Rosemary Edghill describes herself as the keeper of the Eddystone Light, corny as Kansas in August, normal as blueberry pie, and only a paper moon. She says she was found floating down the Amazon in a hatbox, and, because criminals are a cowardly and superstitious lot, she became a creature of the night (black, terrible). She began her professional career working as a time-traveling vampire killer and has never looked back.

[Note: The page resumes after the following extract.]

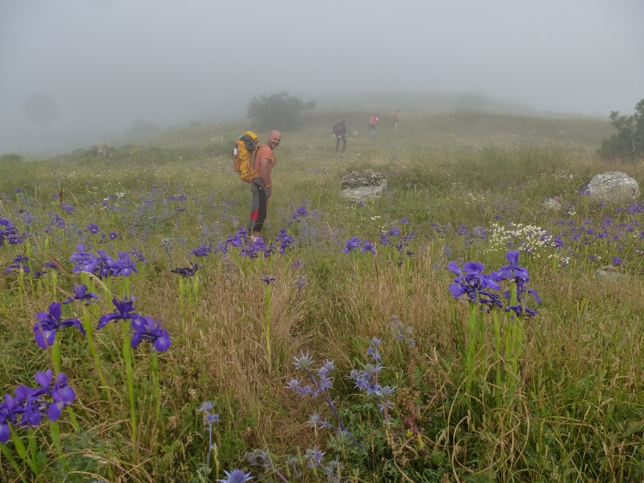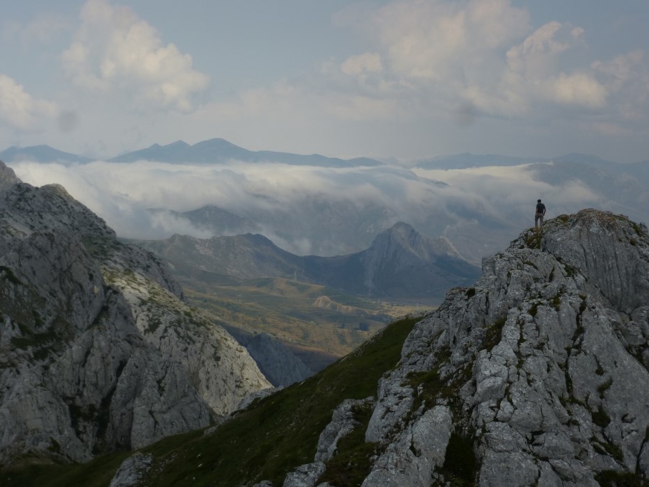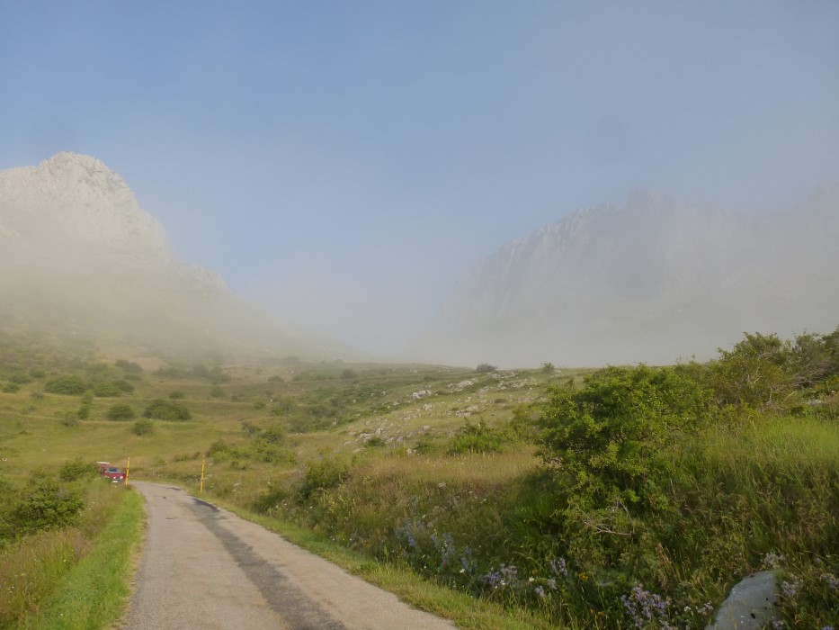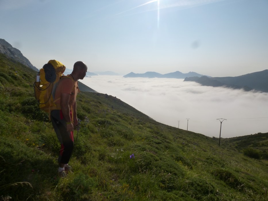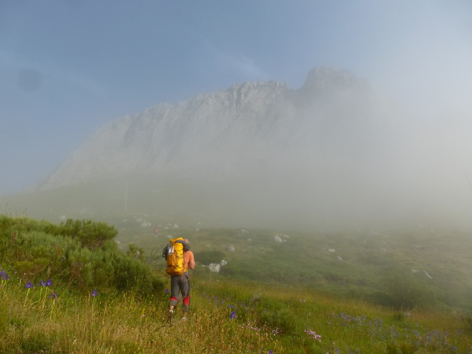 La niebla sube del valle y nos envuelve complicándonos un poco la subida.

She's also a New York Times Bestselling Writer. 

About herself, India Edghill writes, Having written four books about Biblical women (Delilah, Queenmaker, Wisdom's 
Daughter, and Game of Queens), I'm now writing an epic-length romantic historical novel set in Victorian India.  And India (that's me, not the country) is also going Indie!  My short stories will be available in a collection:  The Courtesan Who Loved Cats and Other Stories, and my mystery series set in 1984 New York City, starring Cornelia Upshaw, a professional temporary secretary, will be continued as well.  The first book in the series, File M For Murder, should be reissued in 2017.